IndiaTech writes to Ministry of Electronics and IT suggesting a ‘Code for Responsible Online Gaming’ framework

IndiaTech has written to the Ministry of Electronics and IT suggesting the framing of a ‘Code for Responsible Online Gaming’.

Previously, the industry body representing India’s consumer internet startups, unicorns, and investors wrote two letters to the ministry. It has been suggested that the code for online gaming should include policies that stipulate age or genre-based classifications, AI-based algorithms to monitor and curb potential addictions and cut-offs for money spends and wins.

Apart from that, they also suggested that the guidelines should include cultural sensitivities and a no bots policy, to be fair to players.

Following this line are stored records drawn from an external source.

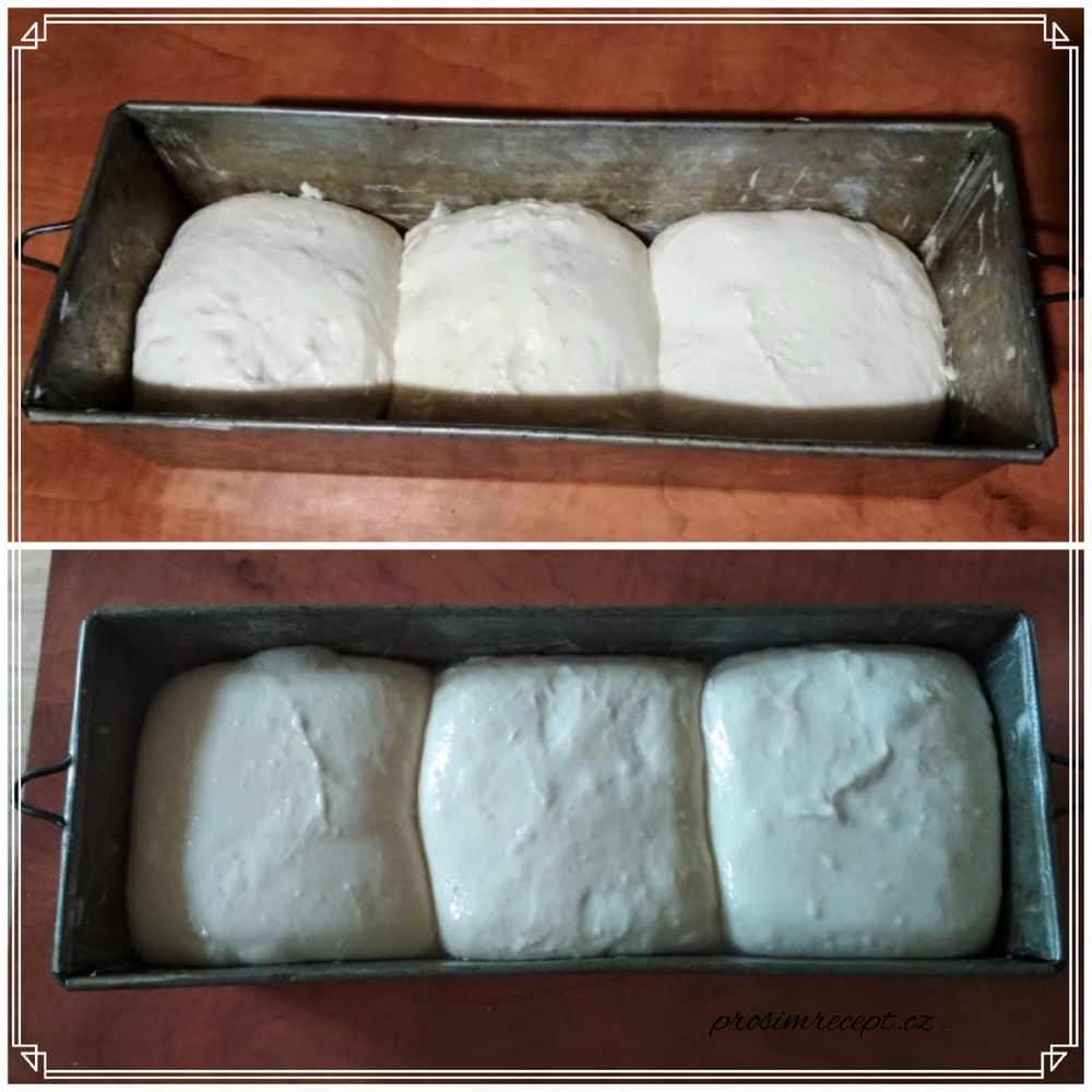 Těsto rozdělíme na tři kusy, ty stočíme a vložíme do máslem vymazané chlebové formy. Formu s těstem vložíme do pytle a necháme odpočívat v lednici.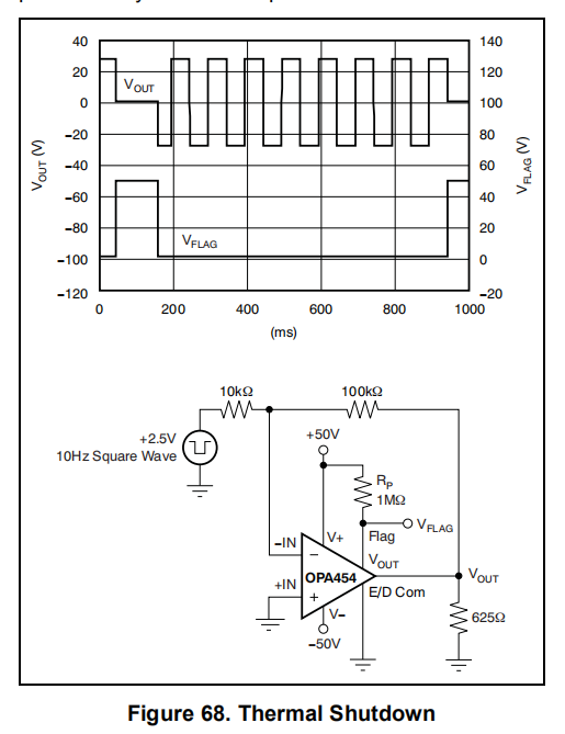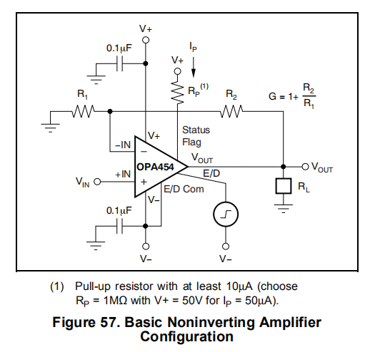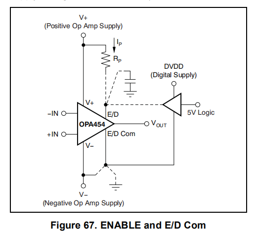 如果保持断开状态,E/D Com被内部10μA电流拉近V–(负电源)来源。什么时候左浮动,启用由内部1μA电源保持在E/D Com上方约2V。即使在启用和E/D Com引脚未连接时,OPA454的主动操作也会产生,电容耦合到启用引脚的中等快速、负向信号可以抑制1μa的上拉电流并导致设备关闭。这种行为可以表现为一种振荡,在接近极端低温时首次出现。如果不使用使能功能,保守的方法是通过30pF电容器将使能连接到低阻抗电源。另一种选择是从V+(正电源)连接一个外部电流源,足以使使能水平保持在停机阈值以上。图67显示了连接ENABLE和E/D的电路Com.选择RP为1MΩ,正电源电压为+50V,IP=50μa。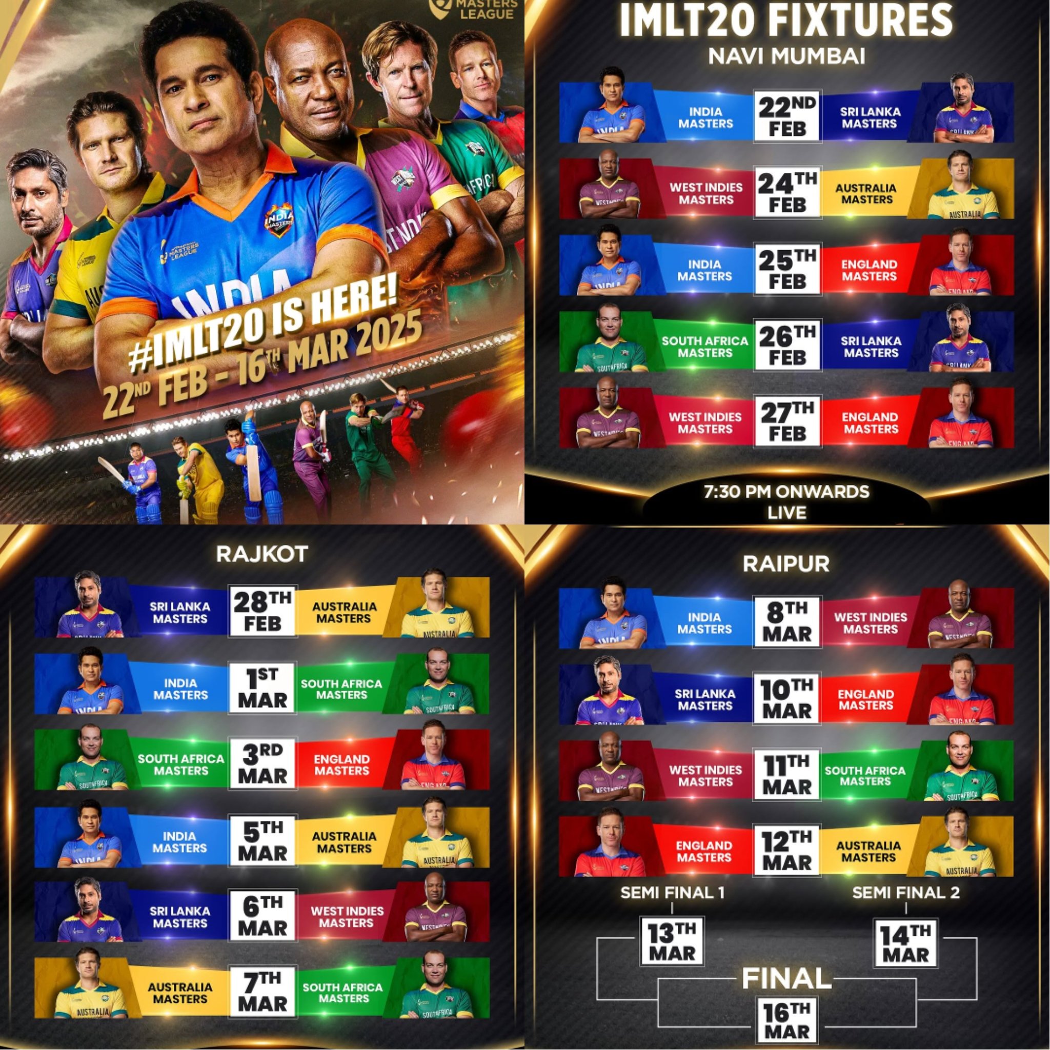 22 फरवरी से शुरू हो रहे इंटरनेशनल मास्टर्स लीग में कुल 6 टीमें एक-दूसरे के साथ भिड़ेंगी। 20-20 ओवरों के इस टूर्नामेंट में भारत के अलावा श्रीलंका, साउथ अफ्रीका, ऑस्ट्रेलिया, वेस्टइंडीज और इंग्लैंड के पूर्व दिग्गज खिलाड़ी खेलते हुए दिखाई देने वाले हैं। इस लीग में सभी रिटायर्ड क्रिकेटर्स खेलते हुए नजर आएंगे। वहीं, सचिन तेंदुलकर भारतीय टीम के कप्तान हैं।

The industry body recommended standards similar to the Entertainment Software Rating Board (ESRB)—a self-regulatory body set up in 1994 that assigns age and content ratings to video games in the US, Canada, and Mexico.

The online gaming sector has made rapid strides amid the pandemic. The online gaming market in India grew at a CAGR of 17.3%, from $543 Mn in 2016 to $1.027 Bn in 2020. India also moved to the top global spot in mobile game downloads in the first nine months of 2020 with 7.3 Bn downloads.

IndiaTech has always maintained that banning is not the solution. The industry body consistently argued that that it is important for the government and the industry to have meaningful dialogues along with noted experts from various fields like mental health and law. Instead of outright bans, according to IndiaTech, governments need to work towards developing a framework and ensure compliance to the Code For Responsible Online Gaming.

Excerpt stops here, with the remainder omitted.